BANFF, Alta. - The world's most powerful environment ministers will ride in buses powered by natural gas and greenhouse gas credits have been exchanged to negate their environmental impact on Banff, a World Heritage Site, during meetings here this weekend.
The ministers, from Canada, the U.S., France, Italy, Germany, Japan, the U.K. and Russia, still will produce tonnes of the emissions as a result of air travel, car and hotel accommodation during the three days of meetings .
However, under the scrutiny of environmental organizations gathered here, the ministers have attempted to avoid embarrassment by purchasing carbon-dioxide credits from a solar-powered housing project in South Africa that will make the gathering "an emission-neutral meeting," said David Anderson, Canada's Minister of the Environment
The ministers will also dine on organically grown food.
However, conservation organizations met with Mr. Anderson yesterday and criticized the federal government for an apparent softening of its position on the Kyoto Protocol on greenhouse gas reduction and climate change.
The climate change issue is being limited to a 45-minute discussion at a breakfast meeting tomorrow, one of a number of private meetings between the ministers to be held at the Fairmont Banff Springs Hotel. Environmental groups say observers should be allowed in.
"I'm sorry, they can't have observers in there," Mr. Anderson said. "We want to have full and frank discussions. It just impossible to have proper discussions of this type, informal discussions, and have it open to the media and open to the public."
Environmental groups also criticized as vague the wording of the Minister's official communiqué, which has already been leaked to the media. In a draft copy made available to Agence France- Presse, the ministers reaffirm their commitment to sustainable development -- which reconciles environmental protection with economic development -- as laid out at the Earth Summit in Rio de Janeiro 10 years ago.

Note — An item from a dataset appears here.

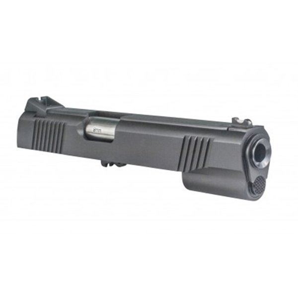 Denna 1911 Slide / Top End Assembly är en komplett enhet som är skräddarsydd för den 5-tums standard Government storleken, i Colt-stil. Den är kamrad för 9mm och kommer helt monterad med ett rekylsystem som har testats för funktionalitet.

"It's just total ambiguity. We are looking for concrete commitments," said Jim Pissot of Yellowstone to Yukon, a conservation group lobbying to create an unrestricted wildlife movement corridor from Wyoming to the Arctic.
"This is not a meeting to discuss Kyoto. I've had two weeks of going from end to end of the country talking to Canadians about the importance of reducing greenhouse gas emissions, so I don't know what they're talking about," Mr. Anderson said in response to the criticisms.
Mr. Anderson indicated in Calgary on Thursday that the Chrétien government might not ratify the Kyoto accord this year as it originally intended.
Alberta opposes the Kyoto deal and says it may launch a legal challenge to Ottawa's authority to force provincial compliance, citing provincial jurisdiction over resources. At a meeting of energy ministers in May, Alberta will propose a U.S.-style plan to voluntarily reduce greenhouse gases.
Signed in Japan in 1997, the Kyoto accord commits Canada to reducing greenhouse gas emissions to 6% below 1990 levels. Opponents forecast dire economic consequences and note that the deal exempts such developing nations as India, Brazil and China, which are among eight out of 20 of the world's leading producers of greenhouse gases that are not bound by Kyoto.
The Banff meetings continue tomorrow, focusing on developing a consensus platform to take to a world summit on sustainable development in Johannesburg in late August.
As host of the meeting, Canada paid $5.50 a tonne, or $2,750, to cover the cost of carbon-dioxide emissions the ministers will generate at the meetings. The money will go to PEER Africa (pty.) Ltd, an engineering firm building an energy-efficient housing project in South Africa.
A similar purchase of credits, totalling $7,700, was paid by Canada to offset greenhouse gases associated with the recent Health and Environment Ministers of the Americas meeting in Ottawa.